*What is being asked*:
Apart from the images, the entire listing below must be restated word for word.

*Exercise data*:
================

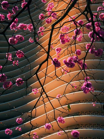 Pink blossoms juxtaposed with modern architecture in Belo Horizonte, Brazil.
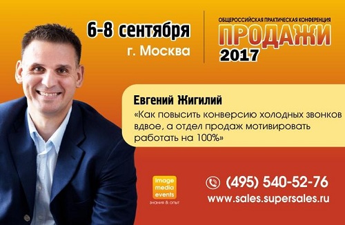 С таким докладом выступит бизнес-тренер Евгений Жигилий на Общероссийской практической конференции «ПРОДАЖИ-2017», которая состоится в Москве 6-8 сентября.
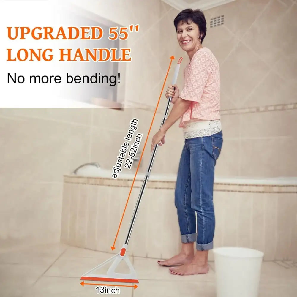 - Sweep and scrape with a silicone blade, dry or wet surfaces, tackling dust, debris, pet hair, sand, coffee granules, and even gooey messes on floors, tiles, glass, and shower walls.

================

*Response to the task*:
 Pink blossoms juxtaposed with modern architecture in Belo Horizonte, Brazil.
 С таким докладом выступит бизнес-тренер Евгений Жигилий на Общероссийской практической конференции «ПРОДАЖИ-2017», которая состоится в Москве 6-8 сентября.
 - Sweep and scrape with a silicone blade, dry or wet surfaces, tackling dust, debris, pet hair, sand, coffee granules, and even gooey messes on floors, tiles, glass, and shower walls.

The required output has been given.